Python 3 + the following packages
- biopython (download here: http://biopython.org/wiki/Download)
- urllib
- sys
- random
- argparse
- time
- collections
- numpy
To run the program with all default settings, use the following command.
python <scriptname> <filename> --email <email>
For example,
python FastqBLAST.py demo_data.fastq --email myemail@udel.edu
Running python FastqBLAST.py --help
should return the following help file with information about all of the parameters.
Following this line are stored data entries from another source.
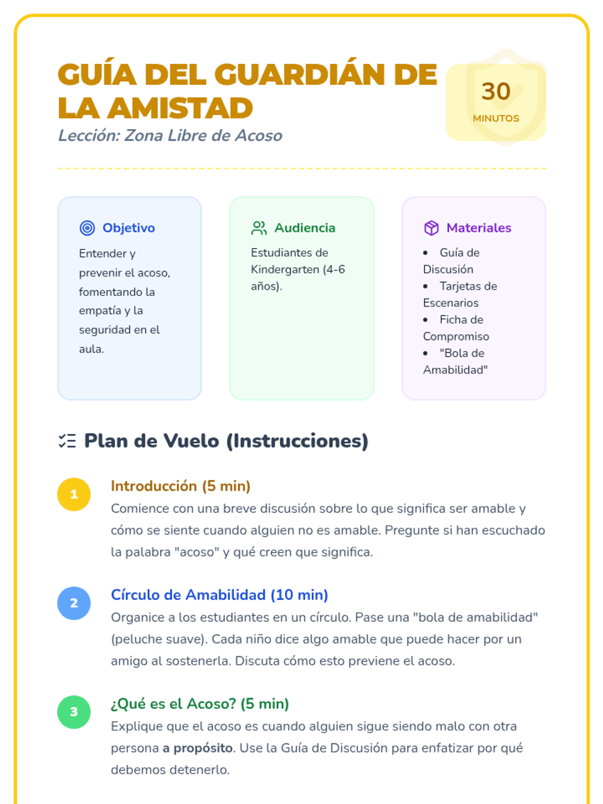 Esta lección introduce a los estudiantes de kindergarten al concepto de acoso a través de juegos interactivos y discusiones. Los estudiantes aprenderán a identificar comportamientos de acoso y entenderán la importancia de enfrentarse a ellos de manera segura.
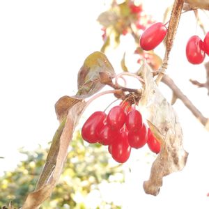 ①②③山茱萸(さんしゅゆ 別名 秋珊瑚(あきさんご) ヤマグミ ミズキ科 落葉広葉樹 果実は直径1~2cm 扁平球 ④⑤冬青(そよご) 別名 フクラシバ モチノキ科 雌雄異株 秋になると直径5mm 果実はさくらんぼ🍒の ように ぶら下がる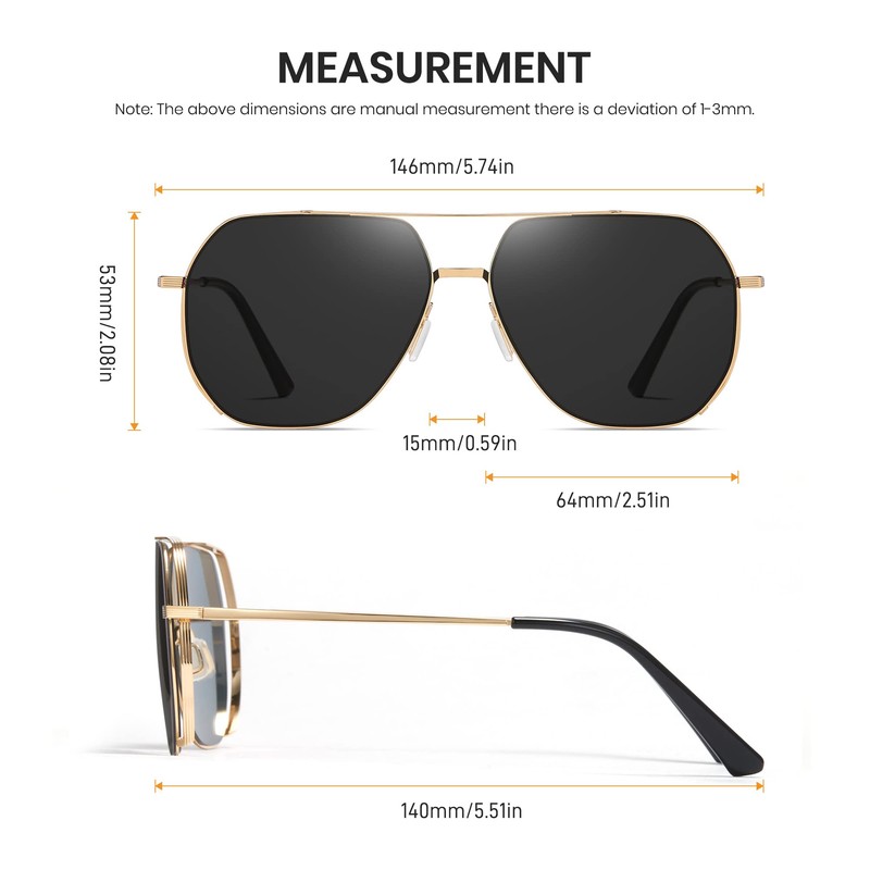 - 60MM SUNGLASSES POLARIZED - Cyxus men's aviator sunglasses polarized is designed with UV400 protection layers and scratch-resistant coatings, effectively filter and block glare, protect eyes from 100% UVA/UVB radiation, reduce eye strain, optimizing visual clarity in different light conditions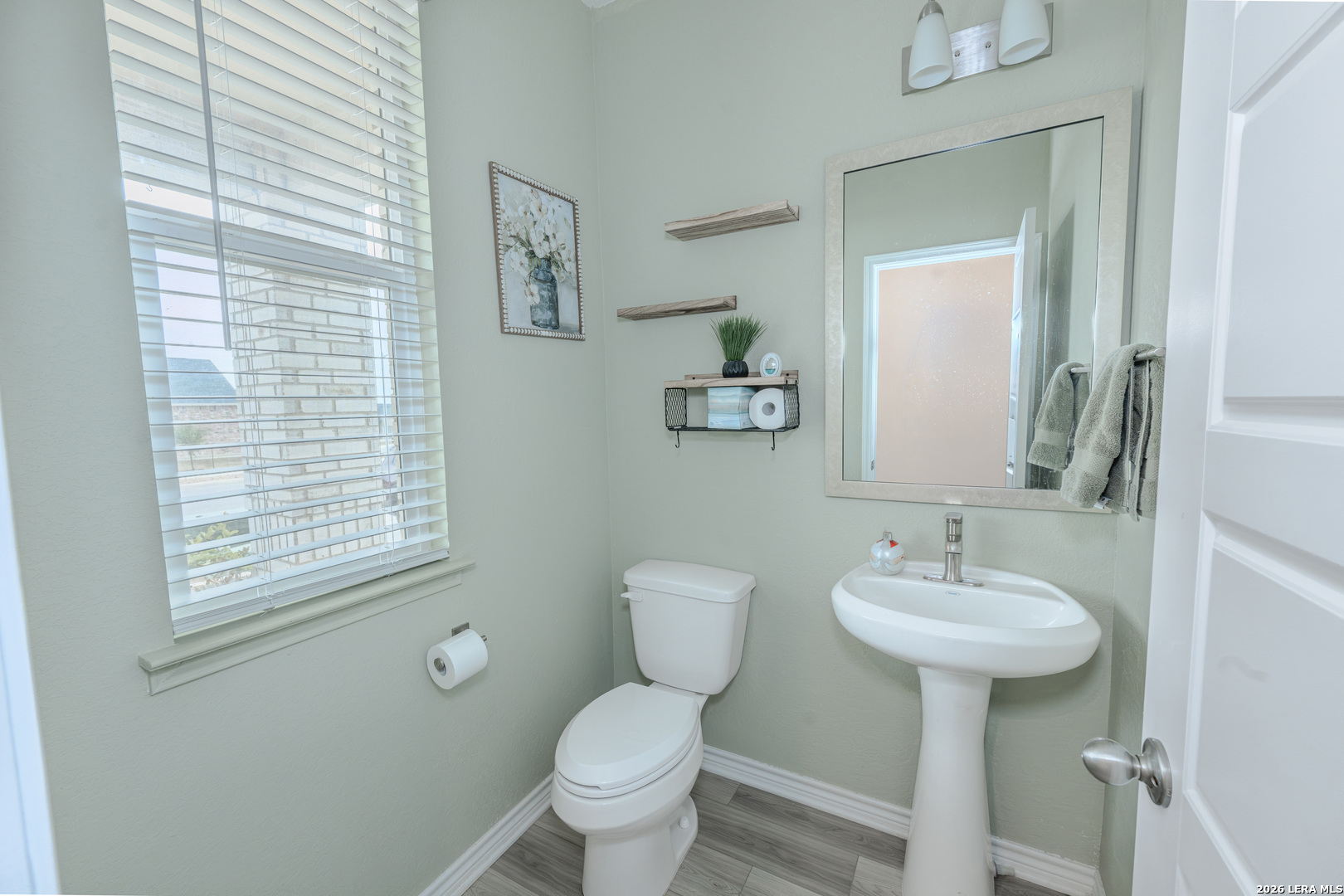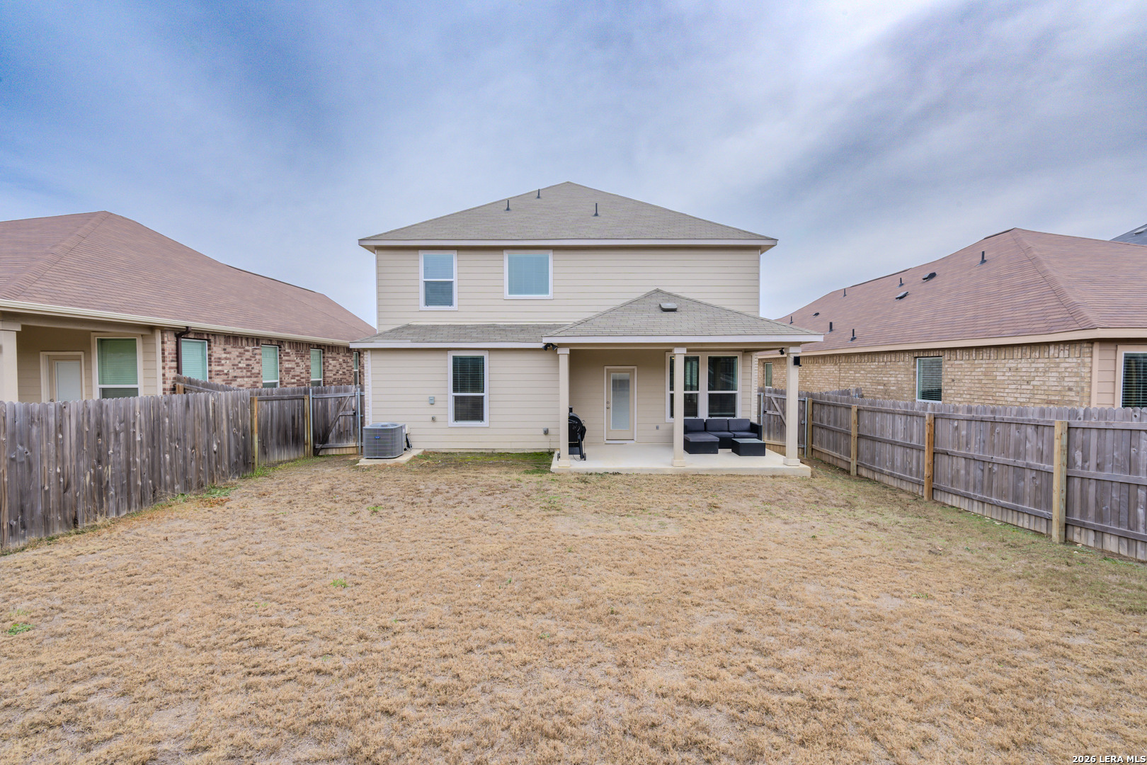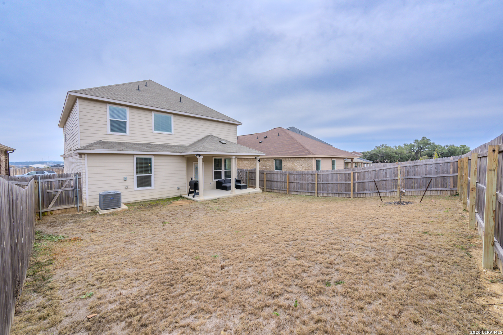 Wonderful family home is the prestigious Shoreline park Neighborhood in Boerne. This spectacular home backs up to the Greenbelt giving unique privacy for the area. This friendly community has a park for the kiddos and access to the lake! This three bedroom two bath home has a fantastic additional living space upstairs for a game room playroom or Den. High ceilings, open floorplan covered patio, powder room downstairs, and large laundry room make this the perfect Family home. Don't miss your chance to be the owner of this lovely property!,

usage: FastqBLAST.py [-h] --email EMAIL [--ascii64 ASCII64] [--nPercent NPERCENT] [--nAbsolute NABSOLUTE] [--leadingQ LEADINGQ] [--trailingQ TRAILINGQ] [--hitlistSize HITLISTSIZE] [--database DATABASE] filename This script takes a sample of sequences from a fastq file, trims the low quality ends, BLASTs them, fetches additional info from NCBI, and produces a report. positional arguments: filename The filename of the fastq file you wish to sample and BLAST optional arguments: -h, --help show this help message and exit --ascii64 ASCII64, -a ASCII64 Select true if Phred quality scores are encoded as ASCII 64 (most are ASCII 33), default is False --nPercent NPERCENT, -np NPERCENT A float between 0 and 100, this argument takes precedence over nAbsolute, default is 0 --nAbsolute NABSOLUTE, -na NABSOLUTE An integer between 0 and the number of sequences in your fastq file, this argument is superseded by nPercent, default is 100 --leadingQ LEADINGQ, -lq LEADINGQ The minimum quality required to keep a base at the leading end of a read, default is 20 --trailingQ TRAILINGQ, -tq TRAILINGQ The minimum quality required to keep a base at the trailing end of a read, default is 20 --hitlistSize HITLISTSIZE, -hs HITLISTSIZE The number of blast hits to keep for the final report, default is 1 --taxID TAXID, -ID The specific entrez species ID, to limit the blast search to that organism, default is None Example Species Entrez IDs: chickens - 9031 humans - 9606 mouse - 10090 giant panda - 9646 --database DATABASE, -db DATABASE NCBI database used in blast search, default is nt Example Database Names from NCBI: nt - nucleotide database (sequences from tons of databases) est_human - human subset of EST database est_mouse - mouse subset of EST database Note: EST stands for "Expressed Sequence TAG" There are many more databases that can be blasted and a full breakdown of NCBI databases can be found at the following link: https://www.ncbi.nlm.nih.gov/books/NBK62345/#_blast_ftp_site_The_blastdb_subdirectory/ required named arguments: --email EMAIL, -e EMAIL A valid email address is required to use NCBI tools and will be used if NCBI observes requests that violate their policies.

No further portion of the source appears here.